Sharp $ A_2$ Inequality for Haar Shift Operators

TL;DR

This paper provides a new, flexible proof for the sharp A_2 inequality of Haar shift operators, including the Hilbert transform, using a corona decomposition and a two-weight T1 theorem, simplifying previous Bellman function methods.

Contribution

It introduces a novel proof technique for the A_2 inequality that applies uniformly to all Haar shifts, avoiding Bellman functions.

Findings

Proved the A_2 bound for Haar shift operators using corona decomposition.

Extended the proof to the Hilbert transform as a corollary.

Demonstrated the flexibility of the new proof approach.

Abstract

As a corollary to our main theorem we give a new proof of the result that the norm of the Hilbert transform on L^2(w) has norm bounded by a the A_2 characteristic of a weight to the first power, a theorem of one of us.
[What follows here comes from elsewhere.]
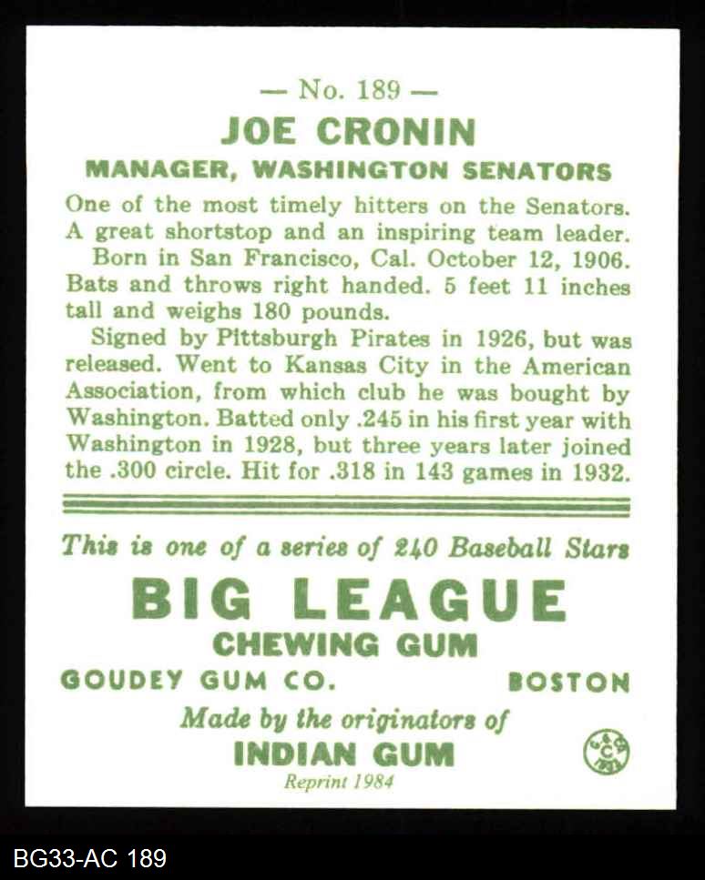 1933 Goudey Reprint #189 Joe Cronin 8 - NM/MT
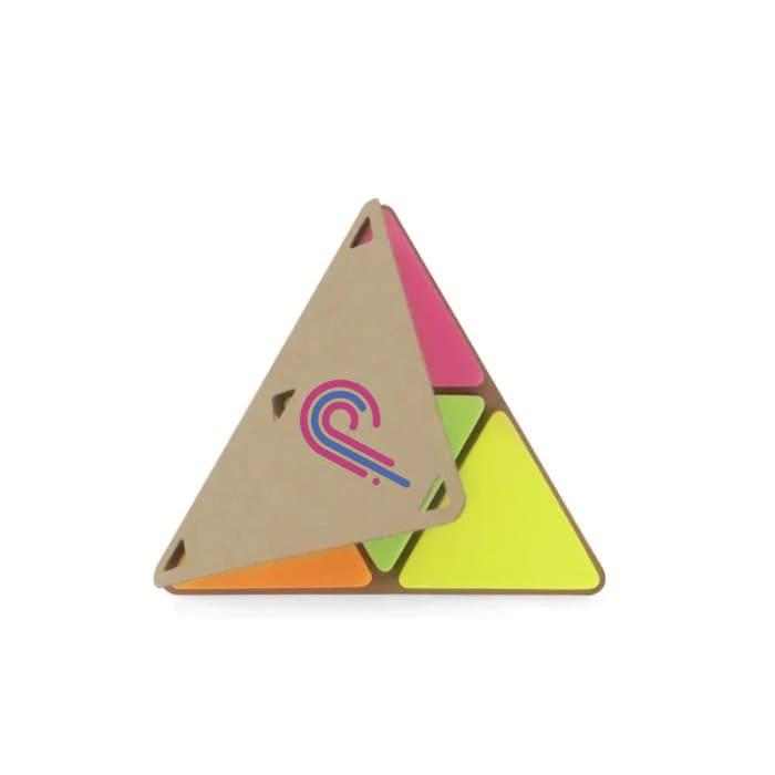 Karteczki samoprzylepne PEL w kształcie trójkąta z ekologiczną papierową okładką. Wewnątrz znajduje się 25 sztuk karteczek w 4 kolorach: pomarańczowym, różowym, zielonym, żółtym.

This new proof begins as the prior proofs do, by passing to Haar shifts. Then, we apply a deep two-weight T1 theorem of Nazarov-Treil-Volberg, to reduce the matter to checking a certain carleson measure condition. This condition is checked with a corona decomposition of the weight. Prior proofs of this type have used Bellman functions, while this proof is flexible enough to address all Haar shifts at the same time.